“This above all: to thine own self be true…”
Job fit is more than just being able to do the work, but to also have that excitement and satisfaction for what you do.
At a time in life when I was looking to earn a little bit of extra cash on the side, going into direct sales seemed to connect well with my background. You know what I’m talking about — those businesses that have representatives who arrange to have “parties” in your home.
I didn’t just pick something randomly; I decided to sell products that I truly believed in and used frequently. I thought that being that deliberate about what company I was representing, by selecting one that has items that I’ve purchased and use all the time, that I would build in a passion for what I was doing. I already would rave to friends and family about the products I did own. Why not be the one selling them?

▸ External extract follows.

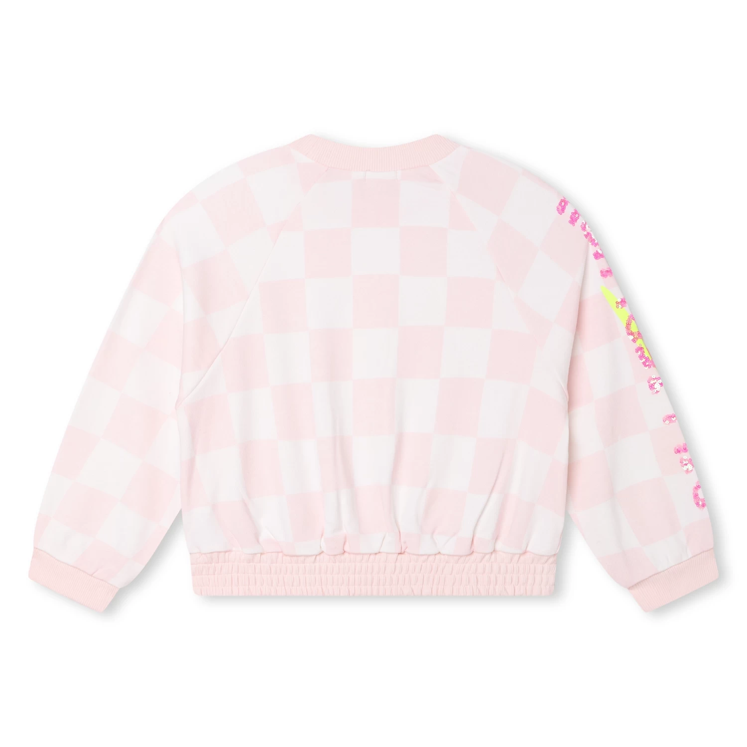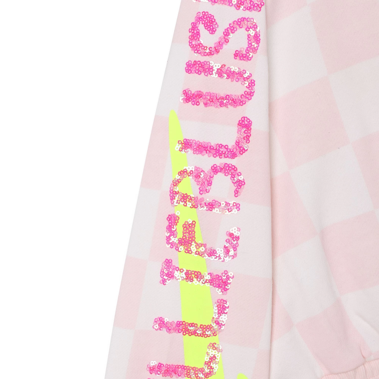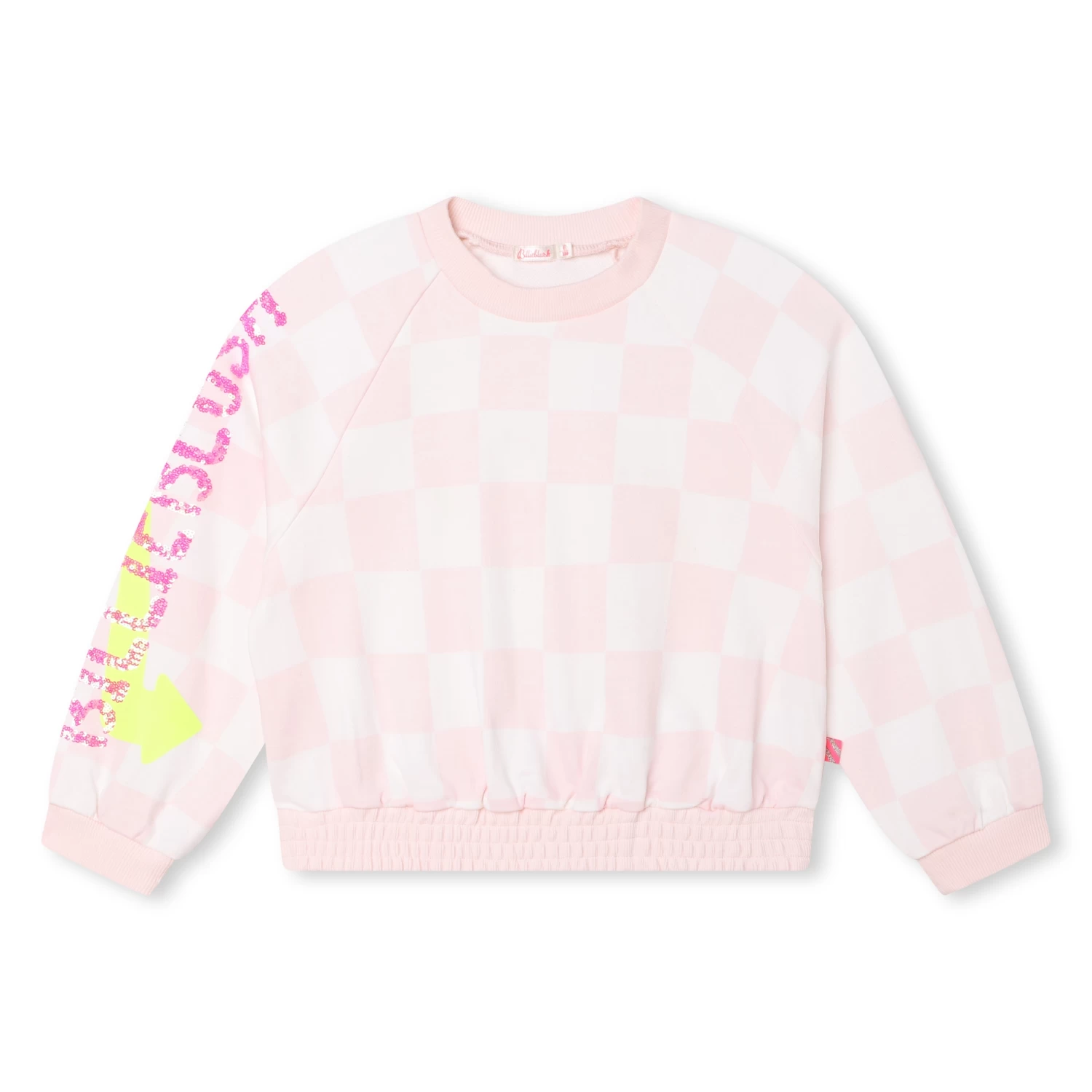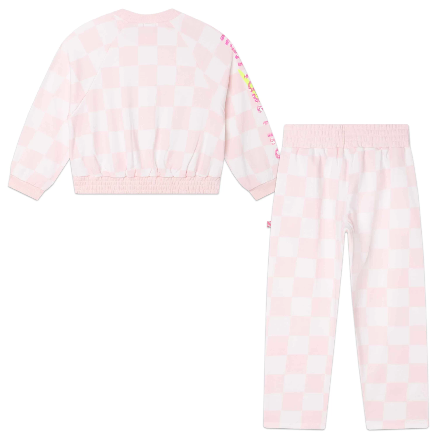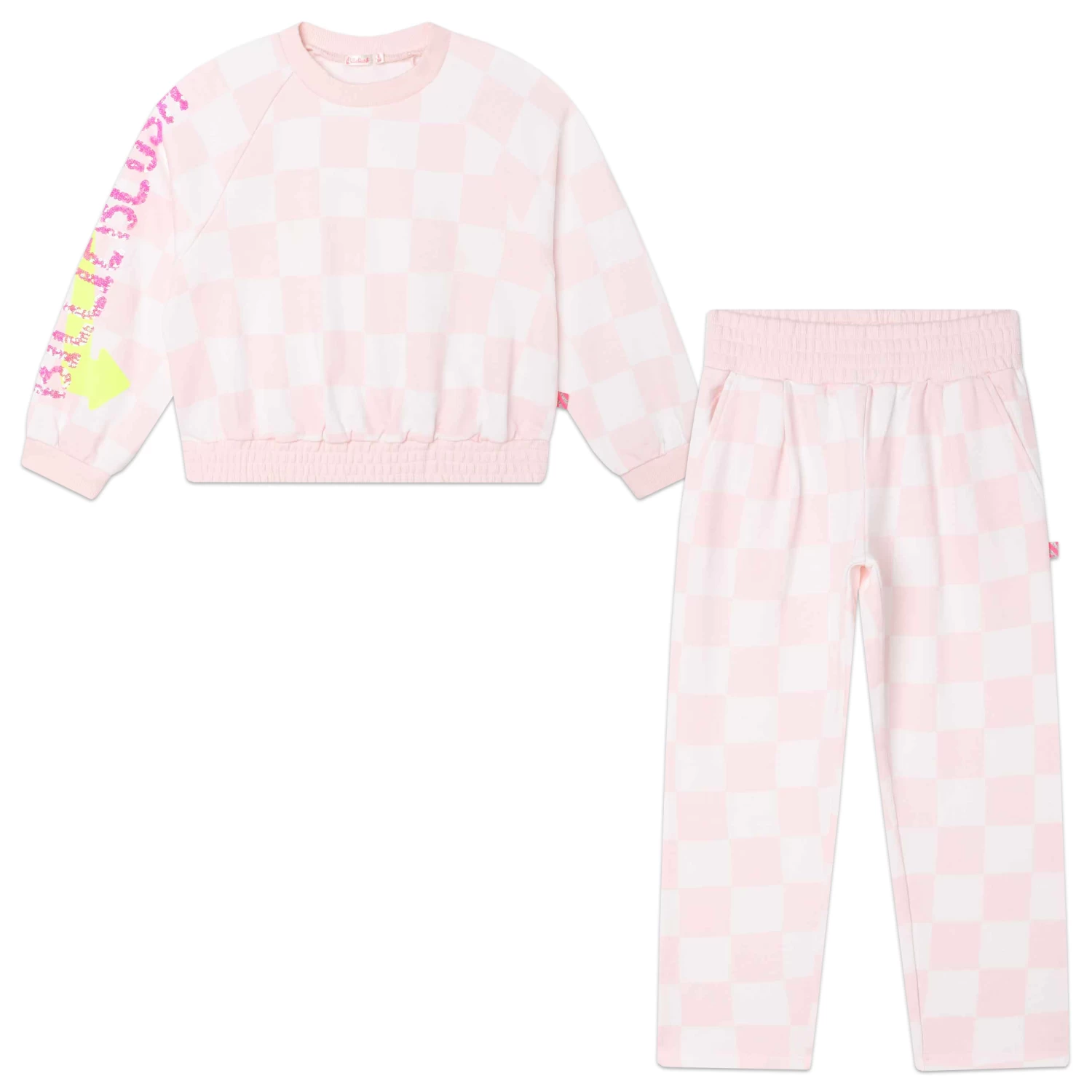 Cet ensemble de jogging Billieblush présente une confection en coton et élasthanne avec un imprimé « damiers ». Il est composé d’un sweat-shirt avec un bord-côte à l’encolure, aux poignets et dans le bas, ainsi que d’un pantalon à taille élastiquée avec deux poches.

I had some misgivings about this venture from the onset. After I had set up a time to talk with someone about joining their ranks, I wasn’t exactly as gung-ho as I usually am about a new project. At the time, I couldn’t quite put my finger on what it was. After all, working in nonprofit helped me to develop skills that would relate well to the sales field — building relationships, marketing, cold calling, being persuasive. I had even developed a thick skin for the rejection that invariably came when asking for financial support or for volunteers. And I had no qualms about calling back people who didn’t give me an unequivocal “no.” So I brushed those feelings aside and plunged ahead.
That was a mistake.
Sure, I could do the various aspects of the job. The bigger question for me, though, was, “Do I really feel comfortable doing this?” Honestly? No, I didn’t. What I had to sell wasn’t a must-have; their lives would continue on just fine without the wares that I was peddling.
Knowing that life situations happen to people all the time, I just couldn’t bring myself to keep calling again and again if I was told the timing was bad. Every time a potential customer would say to me, “I’d love to have a party, but money’s pretty tight now,” I didn’t have the heart to keep pushing the issue solely for my benefit.
Eventually, I realized that last point was at the core of why my heart wasn’t into direct sales. All the skills and aptitude I developed in nonprofits worked well in that situation because my efforts were on behalf of the clients who used the organization’s services. There was a mission behind my work. But in sales, it was just… me.
This is not to say that the sales profession is bad. It just wasn’t a good fit for me.
In retrospect, the experience I had with direct sales ended up being positive because it allowed me to gain further insight into my personality and what motivates me.
What experiences have you had that helped you clarify your job fit?